- Pitcher
- Born: April 8, 1908 Managua, Nicaragua
- Died: December 4, 1985 (aged 77)
- Batted: RightThrew: Right

Medals
Representing Nicaragua
Men's baseball
Amateur World Series
| Silver medal – second place | 1939 Havana | Team |
| Silver medal – second place | 1940 Havana | Team |
Central American and Caribbean Games
| Silver medal – second place | 1935 San Salvador | Team (DNP) |
| Bronze medal – third place | 1935 Panama City | Team |

= José Meléndez (pitcher, born 1908) =

Nicaraguan baseball player (1908–1985)

José Miguel Ángel Meléndez (April 8, 1908 - December 4, 1985), nicknamed El Chino, was a Nicaraguan baseball pitcher. He played extensively with the Nicaragua national baseball team in the 1930s and 1940s, and also played professionally in Mexico and Panama.

== Club career ==
Meléndez was raised in Las Jaguitas, on the outskirts of Managua, playing with an amateur team there as a catcher. In 1935, he signed with Indios del Bóer, and led the team to a national championship. He later played with the General Somoza club, named in honor of dictator Anastasio Somoza García, the Carazo club in 1940, and returned to Bóer from 1941 to 1945.

In January 1946, he signed a professional baseball contract with Cerveceria Nacional of the Panamanian Professional Baseball League; he worked to a 5–2 record and led the team to a championship. In 1947, he played an exhibition game against the Brooklyn Dodgers, throwing six no-hit innings against a lineup that included Pee Wee Reese, Cookie Lavagetto, Carl Furillo, Bruce Edwards, and Floyd Bevens, and even managed to drive in a run off of Dodgers starter Kirby Higbe. That year, his second season with Cerveceria Nacional, he worked to a 5–4 record.

Meléndez signed with a Mexican League team, the Tuneros de San Luis Potosí, for the 1947 season, and went on to play in the Mexican Pacific League with the Arroceros de Obregón. The next year, he moved to organized baseball in the form of the Arizona–Texas League, playing with the Indios de Ciudad Juárez in 1948 and the El Paso Texans in 1949 and 1950.

When the Nicaraguan Professional Baseball League was founded in 1956, Meléndez returned to Indios del Bóer.
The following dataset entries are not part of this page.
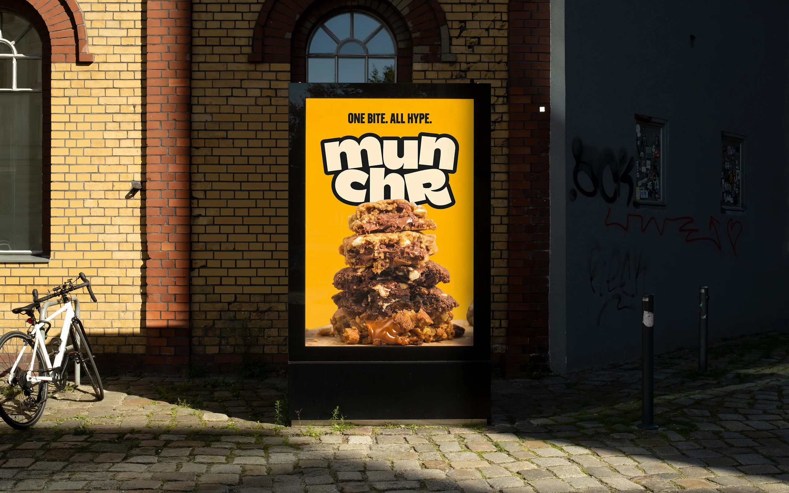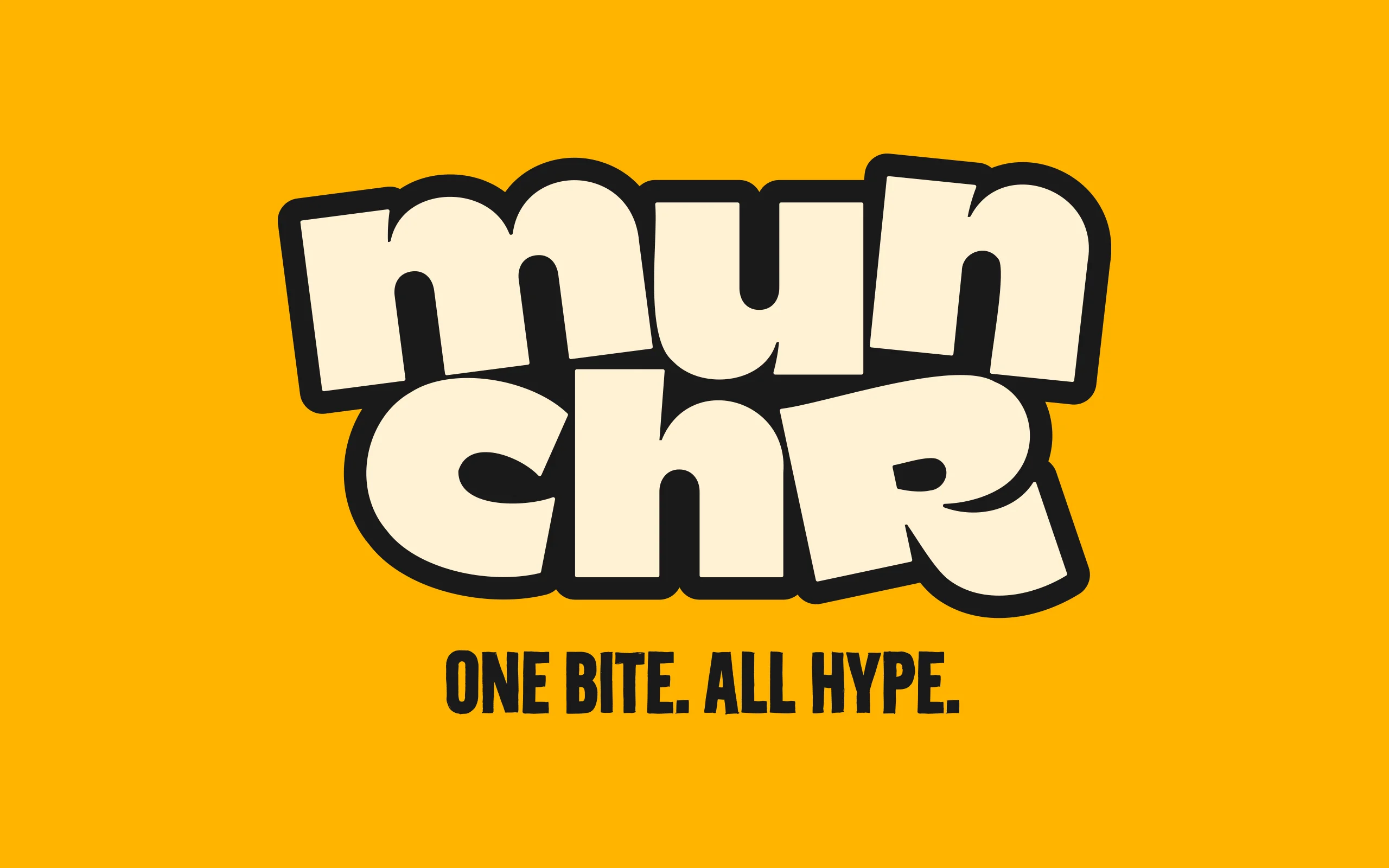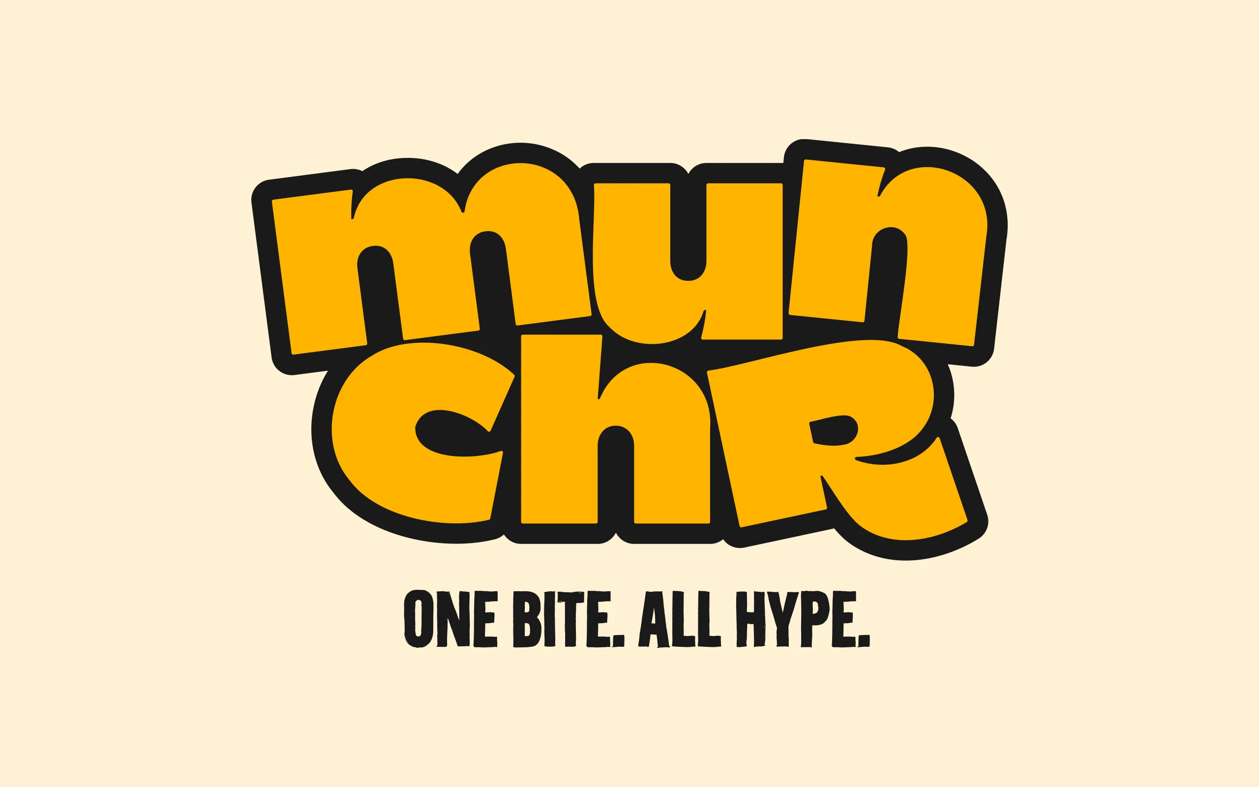Das Designsystem von munchr ist bewusst reduziert, aber extrem markant. Im Mittelpunkt steht das fette, zweizeilige Logo mit seinem charakteristischen Bounce, das in Kombination mit einer klaren Farbwelt aus kräftigem Gelb, Schwarz und Creme maximale Aufmerksamkeit erzeugt. Die Bildsprache zeigt Cookies heroisch, groß und ohne ablenkende Elemente, um Textur und Genussmoment in den Fokus zu rücken. Der Claim „One Bite. All Hype.“ bringt die Markenhaltung auf den Punkt und dient als wiederkehrendes Branding-Element. In Out-of-Home-Kampagnen wird das Prinzip großflächig ausgespielt, während Merchandise-Artikel das Logo als grafisches Statement nutzen — tragbar wie Streetwear, einsetzbar wie ein visuelles Markenzeichen.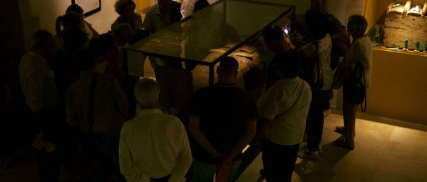 In considerazione dell’ampio successo riscontrato dalle visite guidate alla mostra e il grande coinvolgimento del pubblico, tutte le sere di agosto alle ore 20:00 sarà possibile visitare la mostra accompagnati dai restauratori che stanno svolgendo l’intervento di restauro sui sarcofagi di Deir el-Bahari!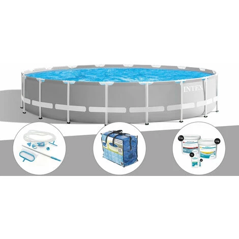 Piscine tubulaire Prism Frame ronde 5,49 x 1,22 m – Intex. Liner en PVC armé triple épaisseur gris clair.Accessoires inclus :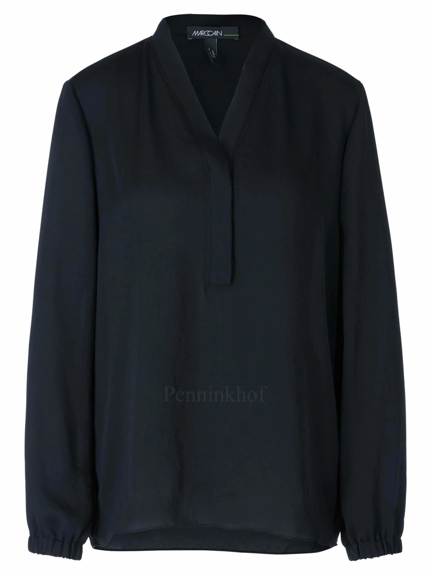 Een blouse van Marc Cain in de kleur marineblauw. Langs de rand van de V – Hals is een bies in een dubbele stof. met een decoratieve doorgestikte naad. Aan het uiteinde van de lange mouwen is een elastische fijn geplooide bies. deze blouse mag op 30 graden worden gewassen.

Despite being 48 years old, he finished the season with a 6–1 record.

== International career ==
Meléndez was named to the Nicaragua national team at the III Central American and Caribbean Games in El Salvador, but did not play due to a controversy over his professional status. He later appeared with the Nicaraguan team at four Amateur World Series tournaments (1939, 1940, 1941, and 1944), leading the team to two second place finishes in 1939 and 1940. In 1940, he led the tournament in wins (3) and finished with a 1.31 earned run average. In total, he participated in 17 Amateur World Series games with a 3–3 overall record; he worked to a 2.66 cumulative ERA over 64 innings pitched, with 23 strikeouts and 28 walks.

==Legacy==
Meléndez was inducted into the Nicaraguan Sports Hall of Fame in 1994. Cuban manager León Rojas named Meléndez as one of the premier amateur pitchers of the 1940s, alongside figures such as Pedro "Natilla" Jiménez and Alberto Romo Chávez. Nicaraguan baseball historian Tito Rondon opined that Meléndez, in his prime, was among the players that never made the majors but were "almost certainly major-league caliber." Writing in 1958, The Sporting News described him as Nicaragua's undisputed "king of the mound for nearly 25 years."